The film also delves into social-emotional learning, a program for “rewiring brains” that whistleblower teacher Jennifer McWilliams calls a “gateway drug to graphic sex ed.” She was fired after sharing information about the SEL program her school was teaching to second-graders.
“They told me it was ‘making the school look bad,’” McWilliams says in the film.
Learn more about the film and its producers on the Fearless Features website.
- Family and friends are mourning the passing – and celebrating the life – of conservative leader Kelly Canon of Tarrant County.
- As an activist, Kelly is best known for leading a successful grassroots effort to ban red-light cameras in her home city of Arlington. Yet her activism spanned more than a decade of local and state political involvement.
- In 2014, Kelly was recognized by her peers with one of the first Texas Conservative Leader Awards, but she didn’t rest on her laurels.
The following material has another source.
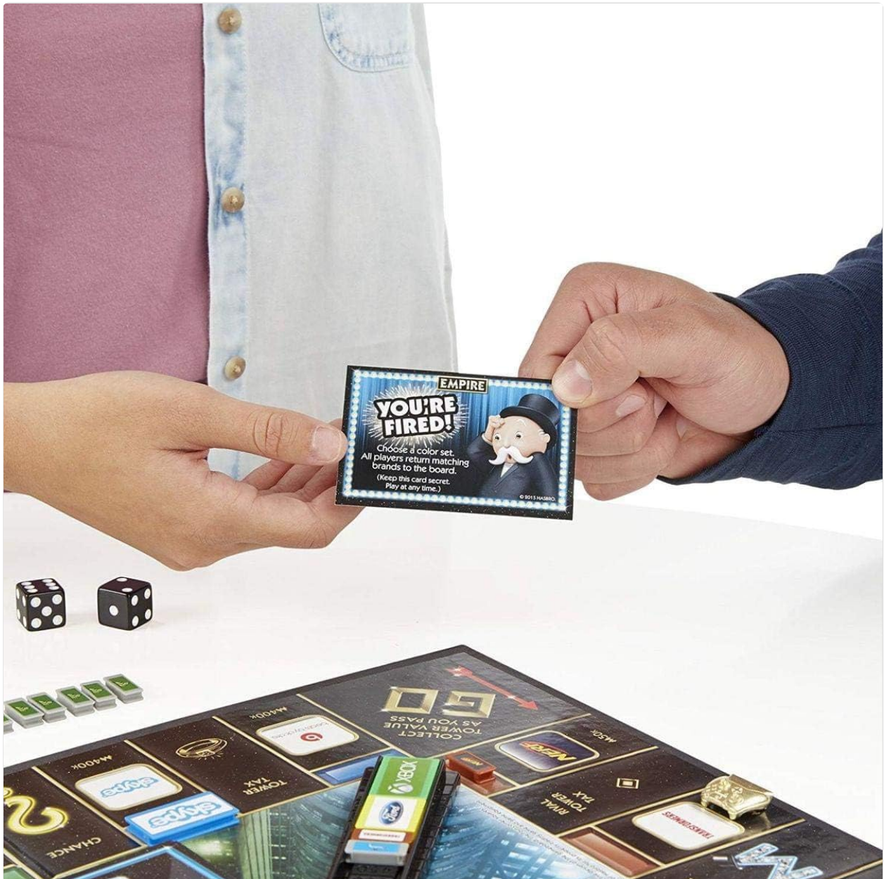
Image: Two players' hands interacting with the Monopoly Empire game board, showing an 'Empire' card being played and dice on the board. This demonstrates a typical moment during gameplay.

The first player to successfully fill their tower with billboards wins the game. This signifies complete dominance of the brand empire.

Kelly continued to fight for and inspire her fellow Texans.
- “I have fought a good fight, I have finished my course, I have kept the faith.”
– 2 Timothy 4:7
Austin Judge Faces Backlash
- Associate Judge Christyne Harris Schultz is under fire for making it easy for a repeat child sex predator to go free after his latest arrest involving a 14-year-old he bused in from Kentucky. Jacob Asmussen has the horrifying details.
- Ronald Martin Jr. already had an open warrant for failing to register as a sex offender, and is also listed as a lifetime high-risk sexual offender by the Texas Department of Public Safety (including a prior conviction involving a 7-year-old boy). When Martin was caught sexually assaulting a young teenager by police, it was recommended that bond be set at $1 million.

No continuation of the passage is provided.